Looking at the attractive redhead sitting next to him, he was conscious of another defect in his life. Over the years, he had had a number of mistresses, both in Devon and elsewhere. There was a certain widow in Sidmouth whom he used to visit and, of course, the delightful Hilda of Dawlish. She was now out of bounds for at least another month, as he had learned from Hugh de Relaga that her husband Thorgils had decided to have a break from voyaging while his ship underwent extensive repairs. On the weary six-month journey across the continent, John had occasionally bedded a buxom serving wench, but lately his sensual appetite had been unsatisfied. Relations of that kind with Matilda had ceased long ago, as like his sister Evelyn, her desires were mainly in the direction of becoming a nun. Several times, during some of their shouting matches, she had bitterly expressed her regret at her father’s refusal to allow her to take the veil. But when his thoughts turned to Nesta, he told himself that this was forbidden territory. The memory of Meredydd was still too fresh in her mind and he had a strong sense of obligation to the archer to take advantage of his wife.

Old Edwin limped up to console him with his ale jug and to lighten his mood. John complimented Nesta on the improvement of the brew.

‘I learned this recipe from my mother in Gwent,’ she replied. ‘But the good grain that Gwyn found for me is the main reason for the fine taste.’

John rasped at the dark bristles on his face — it was time for his weekly shave, but Nesta’s mention of Gwyn reminded him that he should pay another visit to his family down near the coast.

‘Gwyn was always a favourite of theirs, with his amiable nature and his easy wit,’ he said. ‘I promised them that I would bring him with me next time. Perhaps after the next Sabbath, we’ll take a ride down there.’

The days went by and his offer for the lease was accepted, so John needed to seek out workmen to begin renovating the neglected old dwelling. One of the regulars at the Bush was a master mason and another a carpenter, so he had long talks with them about what could be done to improve the place. Several times Matilda was weaned away from her cousin’s house to visit St Martin’s Lane with him, as the new baby was delivered at last and the fever of expectation replaced by the sober reality of endless feeding and washing soiled swaddling clothes.

He found her less scornful and abrasive as the novelty of a new house possessed her and they disagreed less than usual. Matilda wanted the earth floor covered with flagstones, a feature of the best houses — and he had his way with the chimneyed fireplace, mainly because it could be incorporated in the building of a solar for Matilda. The mason sketched out a rough plan with a piece of chalk on a slab of slate, showing how the panels of cob and the inner bracing beams could be removed from the back wall up to the level of the eaves and replaced with mortared stone.

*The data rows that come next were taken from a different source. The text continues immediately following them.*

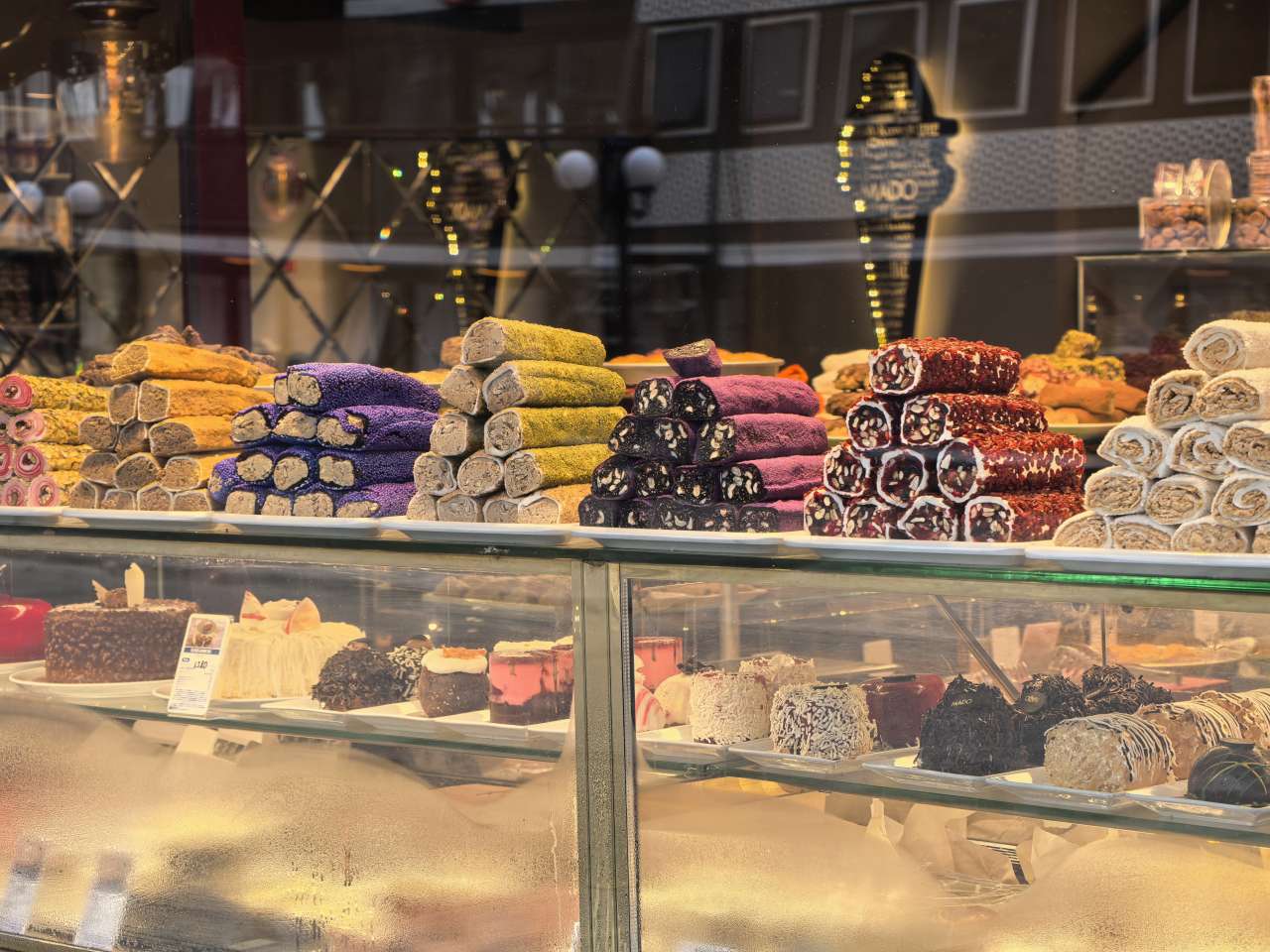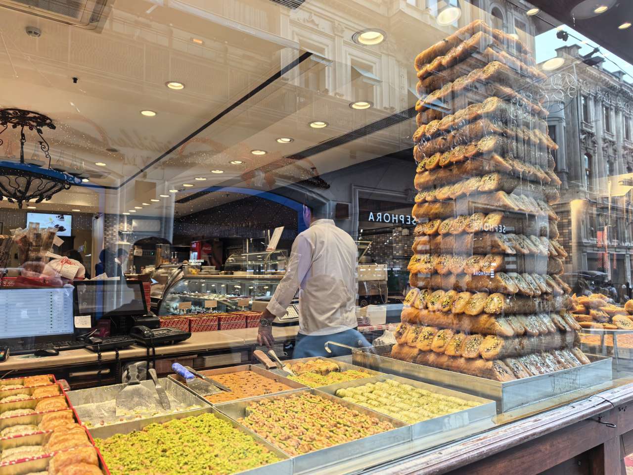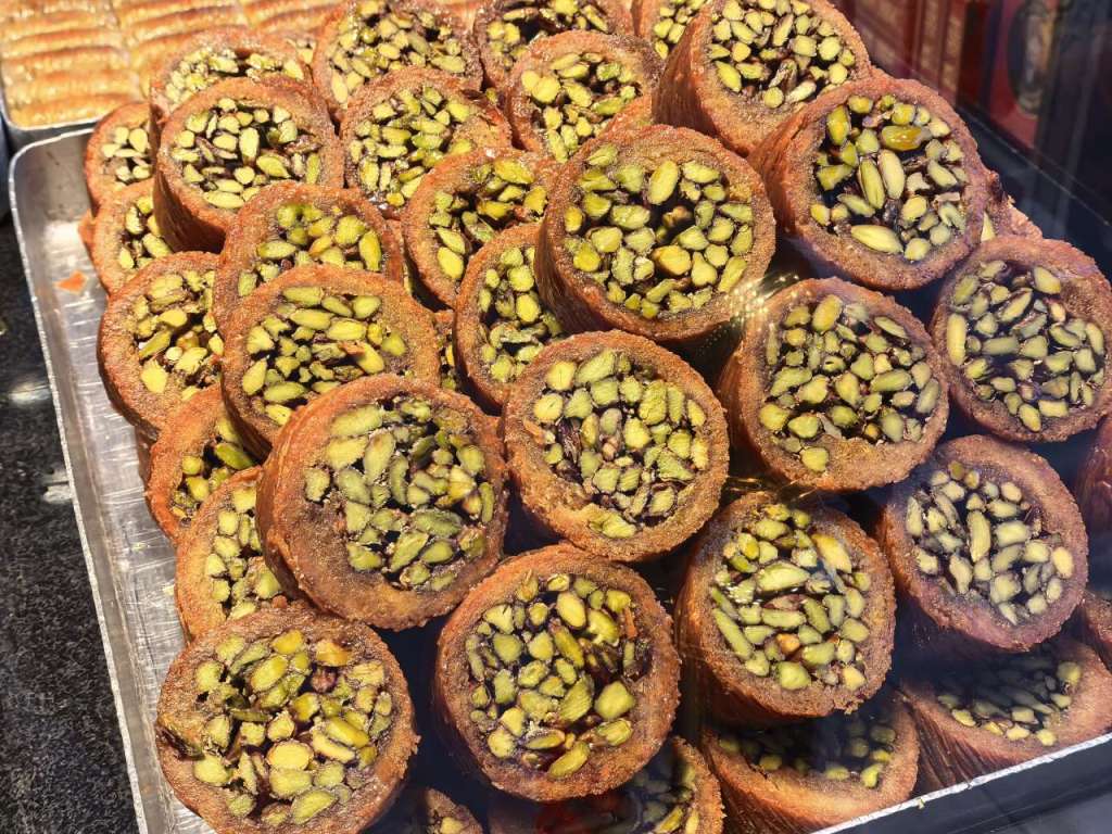 A fost nostim la Hafiz Mustafa, unde mi-a făcut cu ochiul un fel de kataif cu mult fistic la interior, ca un fel de plăcintă cu brânză de-a noastră, doar că în loc de foi sunt două straturi grosuțe de kataif, iar în loc de brânză… bucățele de fistic. L-am rugat pe vânzător să îmi dea plăcințica într-o hârtie, să o mănânc pe drum, omul a înțeles „to go”, mi-a ambalat-o frumos ca pe o bijuterie inestimabilă într-o cutiuță roșie și mi-a dat drumul pe ușă.
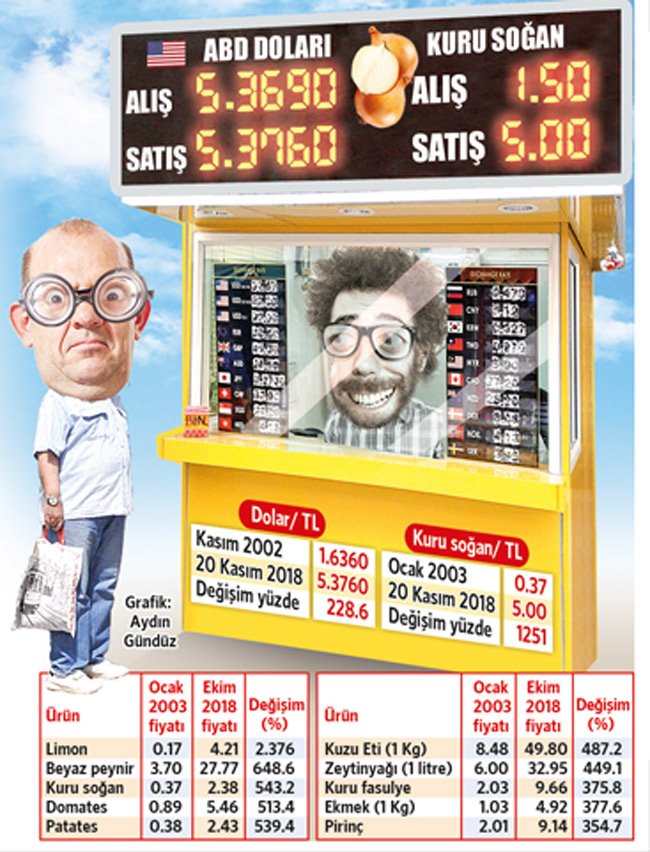 TÜİK’in gıda sepetinde yer olan ortalama fiyatlar ile bugün market raflarında yer alan ürünlerin fiyatları arasında da büyük bir uçurum var. Ekim ayında TÜİK’in 2.38 lira olarak hesapladığı kuru soğan tarlada 1,5 liraya, markette ise 5 liraya satılıyor. TÜİK’in 2.43 lira olarak belirlediği patates ise dün itibarıyla markette 3.95 liradan satılıyordu. AKP’nin iktidara geldiği 2002 yılının Kasım ayında 1.6360 lira olan dolar dün 5.3760 liradan işlem gördü. 16 yıllık dönemde dolardaki artış yüzde 228.6 seviyesinde kaldı. Böylece AKP döneminde kuru soğanın fiyatı dolara göre yaklaşık 5 katından fazla değer kazandı.
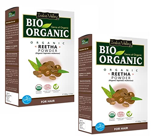 INDUS VALLEY Bio Organic Reetha Powder | Sapindus mukorossi | 100% Organic & Chemical Free Skin Cleanser (100g*2= 200g)
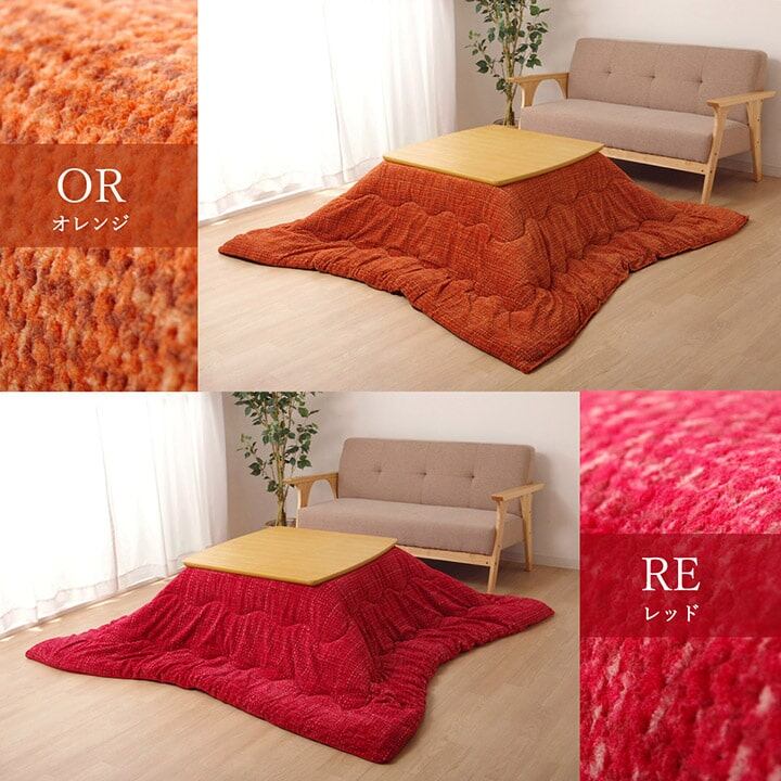 あたたかみのあるカラーを使用したこたつ布団です。表地は凹凸感を持たせポコポコとしたタッチ感が特徴です。裏地にはなめらかな肌触りのフランネルを使用しています。薄手なので折りたたんでもかさばらず、コンパクトに収納できます。布団の内側に紐をつけることにより、布団と台がずれないようにしました。部分暖房のコタツは電気代もおトクです。
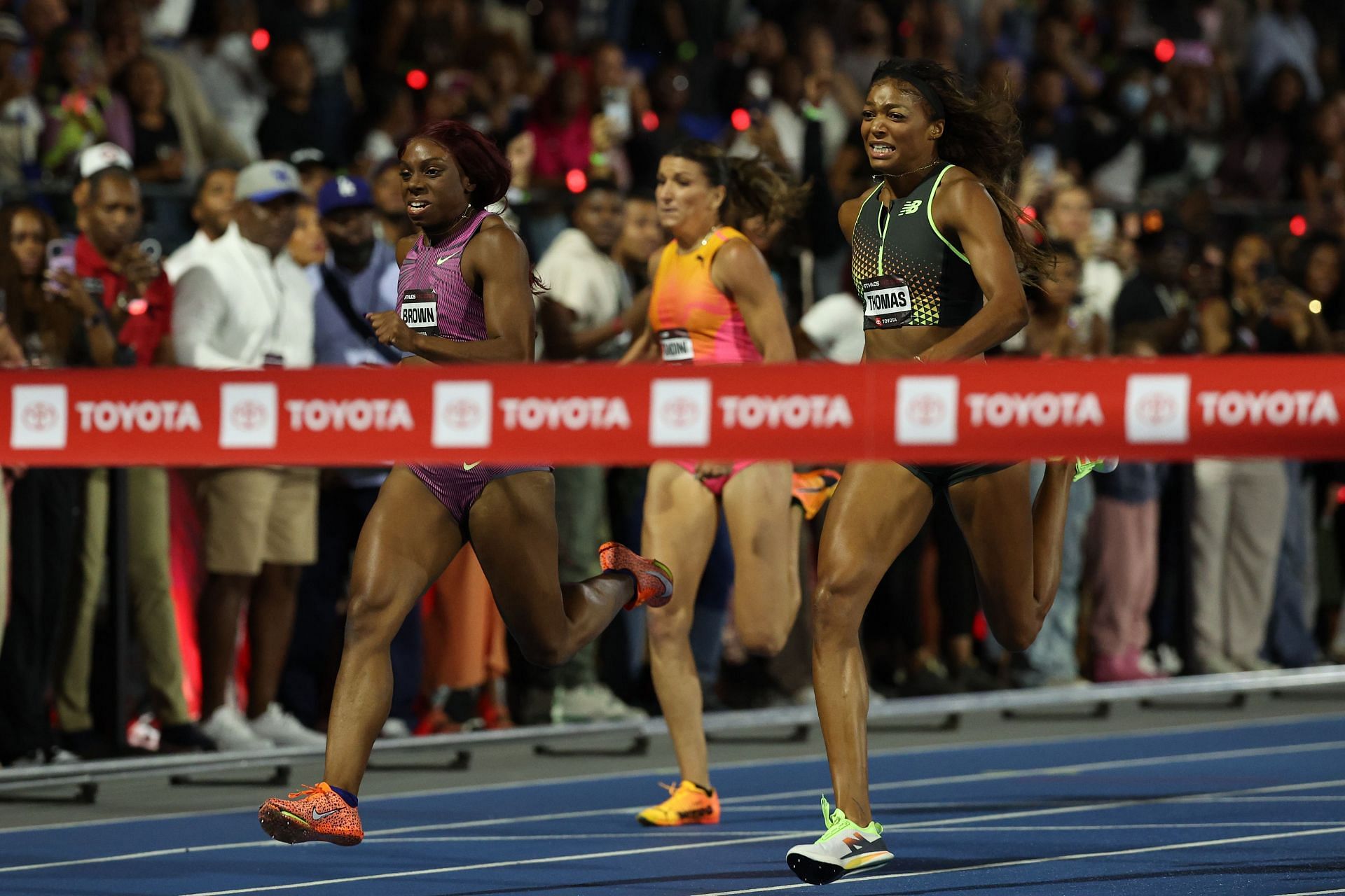 USA's Brittany Brown stunned Gabby Thomas in her first race after the Paris Olympics in the 200m. Brown clocked 22.18s to defeat Gabby Thomas who finished second with a performance of 22.21s. Brown also won the silver medal in the 100m finishing behind Marie-Josee Ta Lou-Smith and took home a prize purse of $85,000 making her the highest-paid athlete of the track meet.
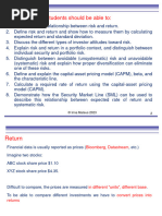 - A diversified portfolio is THE MARKET and has a MARKET RISK
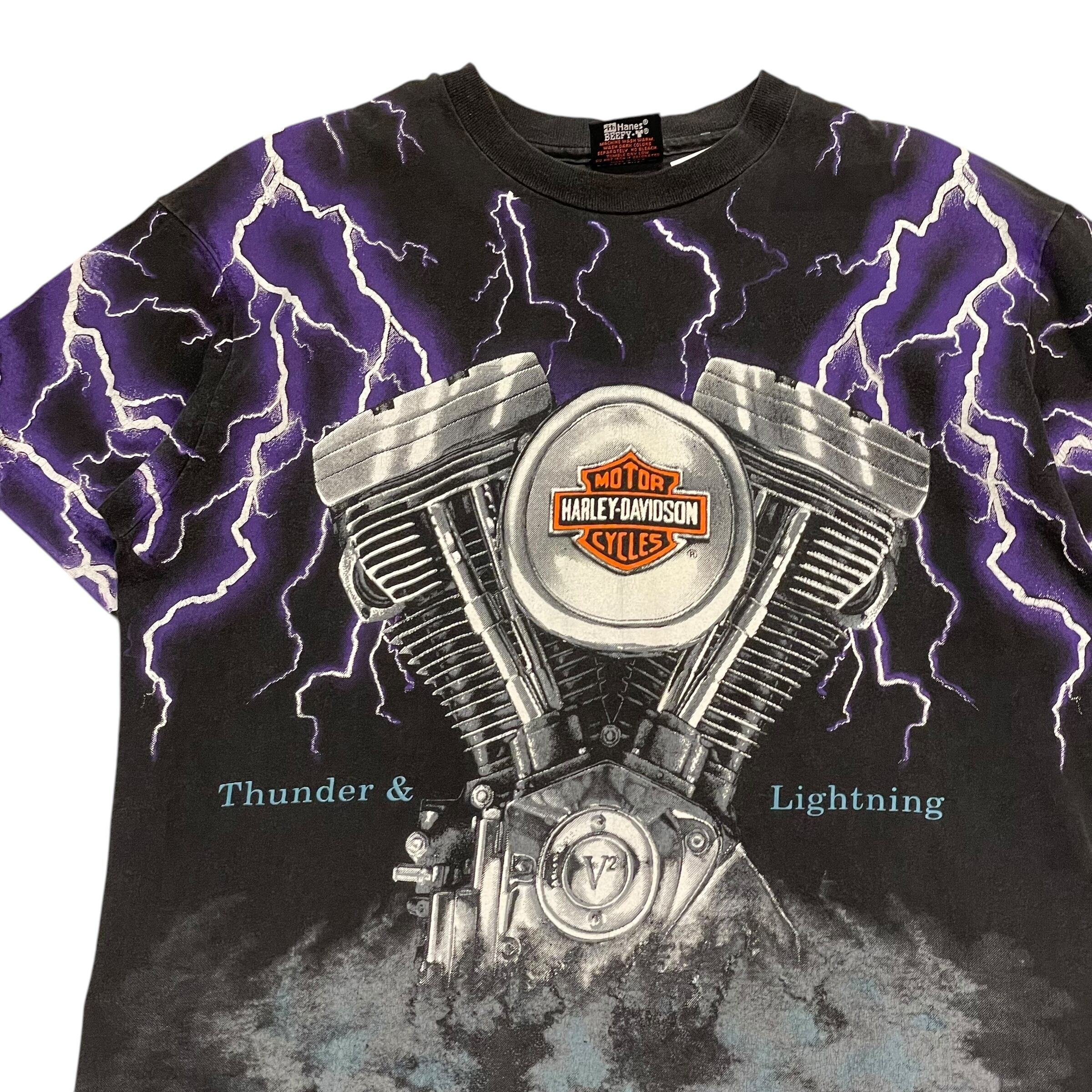 ②1990s Harley-Davidson "Thunder & Lightning" T-shirt
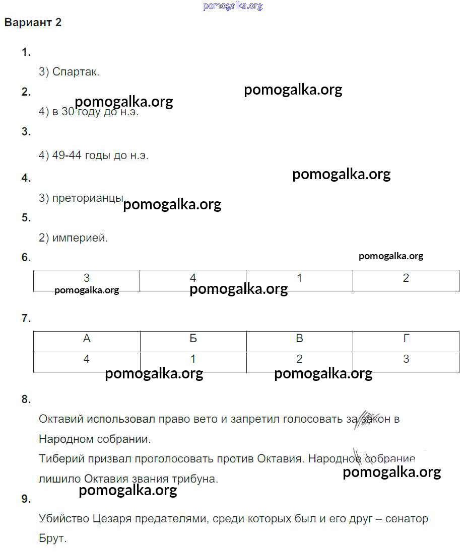 Готовые ответы - Всеобщая история Древнего мира 5 класс проверочные и контрольные работы Крючкова Е.А. - кр глава-13 Вариант №2

‘It will take us a couple of months, Sir John,’ advised the artisan. ‘We will have to order and cart the stone from the quarries at Beer, as well as having the timber cut for the solar and the roof gable.’

Much of this was beyond John’s comprehension, but he trusted the man to get on with the job, though the proposed cost made him wince a little. It was a fortnight before he could carry out his promise to go down to Stoke-in-Teignhead with Gwyn and September had arrived before they set out one morning.

As John knew it was pointless hoping to see Hilda with her husband at home, they avoided Dawlish and took the inland route through Kennford, Haldon Forest and Chudleigh to cross the river at King’s Teignton and ride down the western bank to his family’s manor.

Haldon Forest was an area of particularly dense woodland, a few miles in extent, near the south-eastern edge of Dartmoor. As they rode the narrow road through it, both men kept sharp eyes and ears open for unwelcome company, as this stretch of road was notorious for armed robbers, both predatory outlaws and the more organized gangs of trail bastons. Though John kept a hand near his broadsword and Gwyn fondled the shaft of the ball mace that hung from his saddlebow, they traversed the mile of road without seeing anything move, other than a fox slinking into the undergrowth.

They had the usual warm welcome at Stoke and after eating their fill, sat in the hall of the manor house to hear John’s latest news of buying a house.

‘You’re settling down at last, John,’ beamed his sprightly mother. ‘A pity it has to be with that surly woman Matilda, but perhaps she will mellow with time.’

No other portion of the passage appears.